Speakers say homelessness on rise, becoming multigenerational issue

By Jeff Kurowski | The Compass | November 27, 2013

Panel discussion at St. Norbert Abbey focuses on homelessness

DE PERE — Bus passes, backpacks, bike locks and lip balm are a few of the items on the St. John the Evangelist Homeless Shelter Christmas wish list. Donations serve important needs at the nightly emergency shelter, but another gift may be even more important, said Alexia Wood, the shelter’s executive director.1339graphic-homeless.jpgweb2

“Sit down with somebody being served by one of the shelters and ask to hear their story,” she said. “People at St. John love to be heard. If you sit down and listen to three or four stories, I guarantee you will find similarities from your own life. These conversations help us to find that common ground.”

Wood was among the panelists at a discussion of homelessness in the Green Bay area held Nov. 19 at the Norbertine Center for Spirituality at St. Norbert Abbey. The program recognized Hunger and Homeless Awareness Week, Nov. 16-24. Tony Pichler, lay ministry director for the Diocese of Green Bay, co-founder of StreetLights Outreach and a member of the board of trustees for St. John the Evangelist Homeless Shelter, served as the moderator. He said that the panel discussion provided an opportunity to share the “full story” on homelessness in the area.

Homeless numbers on rise

Numbers of homeless in Green Bay are on the rise. According to Wood, a September report identified 493 people as homeless, including more than 200 children. The report did not include families that live in double, triple or more occupancy situations.

“We know that there is a two-bedroom apartment, near the shelter, with 23 individuals, four different families,” she said. “Kids are sleeping on dining room chairs and on the floor. Those kinds of living relationships that we would call homeless are not included.”

St.

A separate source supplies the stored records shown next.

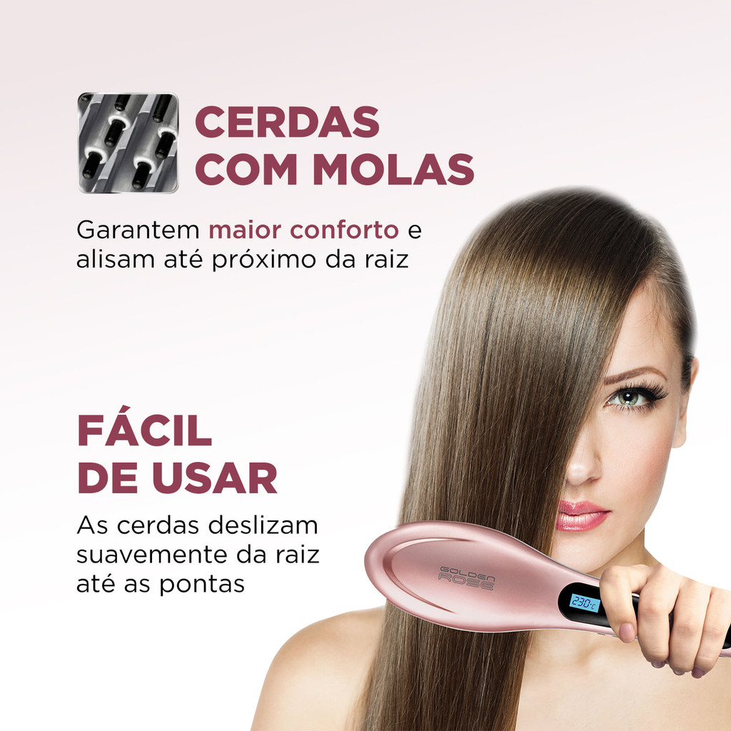 Conforto e praticidade para um liso perfeito! As cerdas com molas presente na Escova Alisadora Golden Rose EA-02, garante um alisamento eficaz da raiz até as pontas. As placas de cerâmica revestidas com Tourmaline Íon, garantem um alisamento perfeito e libera íons que reduzem o frizz, proporcionando um liso macio e com muito brilho. Saiba mais sobre a EA-02 da Mondial: BASE CERÂMICA COM TOURMALINE ÍON: Com o calor, o mineral emite íons negativos que fecham as cutículas dos fios e reduzem o frizz. Seu cabelo fica mais brilhante e macio! CERDAS COM MOLAS: Garantem maior conforto e alisam até próximo da raiz. DISPLAY DIGITAL COM CONTROLE DE TEMPERATURA: Permite ajustar a temperatura de acordo com o tipo de cabelo e o resultado desejado. Garante mais facilidade durante o uso. CABO GIRATÓRIO: O cabo-plugue gira 360, garantindo mais autonomia de movimento. FÁCIL DE USAR: Selecione a temperatura e aguarde o aquecimento. Escove os cabelos mecha a mecha da raiz até as pontas. BIVOLT: Pode ser usada em ambas voltagens: 127V e 220V. Liberdade de usar sua escova em qualquer lugar! ACOMPANHA NECESSAIRE: Perfeito para ser levada em viagens, academias e onde quiser. UM ANO DE GARANTIA MONDIAL: A Mondial é a escolha de milhões de consumidores. Mondial, a escolha inteligente!
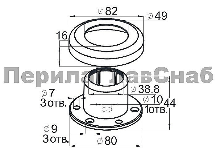 Фланец стойки 42.4/80 х 5 (4,3) х AISI 304 #200 3 отв х М10 х 20 k116-42-4 купить в Красноярске
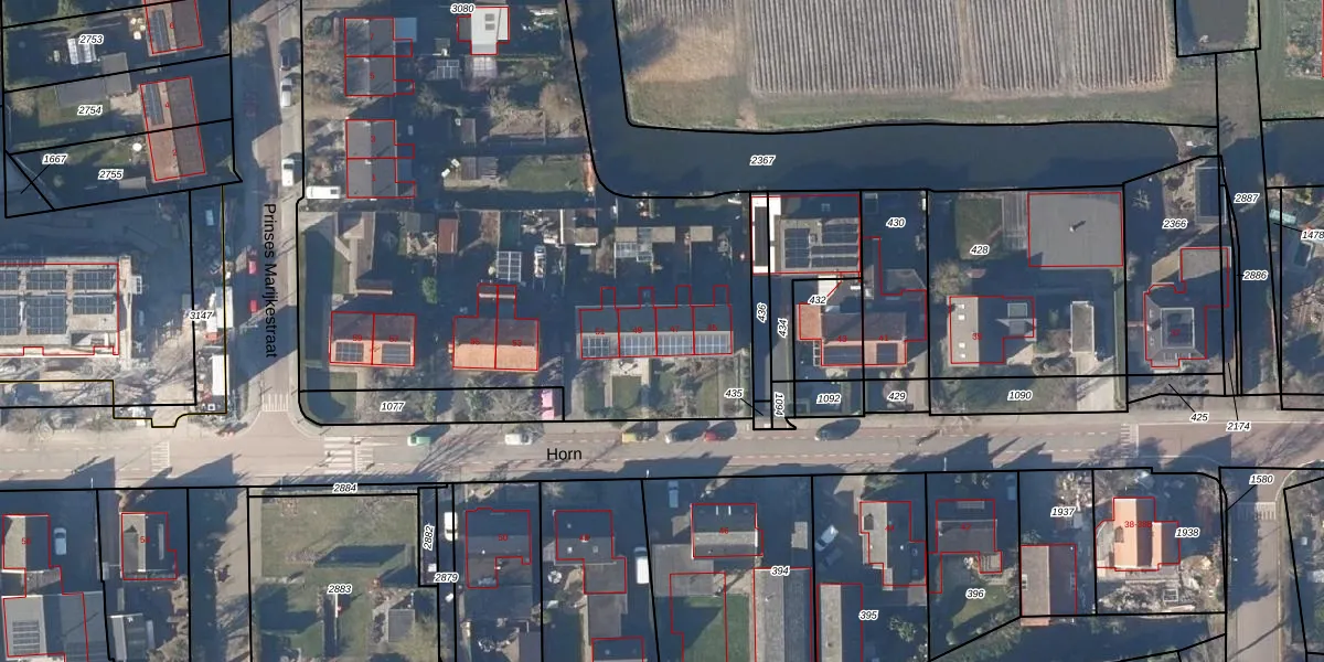 Het perceel waarop Horn 47 staat heeft een oppervlakte van 6158 m². Dit is een zeer groot perceel. De perceeloppervlakte wordt geregistreerd door het Kadaster. Gedetailleerde informatie over de maten van dit perceel kunt u vinden in het rapport Kadastrale kaart met maatvoering van Horn 47.

John did not open until Nov. 1, so its guests were also not counted in the report. Wood said that the shelter is serving more than 80 people per night.

Rachel Miller, a social worker with the Green Bay Area Public School District and coordinator of the McKinney-Vento Homeless Program, also served on the panel. She said that the school district currently has nearly 600 students who are homeless. For the 2012-2013 school year the district identified 1,081 homeless students, the highest total ever.

Miller added that approximately 200 of the homeless students in the district last year were also considered unaccompanied youth, meaning they didn’t have a family or any type of guardianship.

The perception of Green Bay, the third most populated city in the state, needs to change, said Wood.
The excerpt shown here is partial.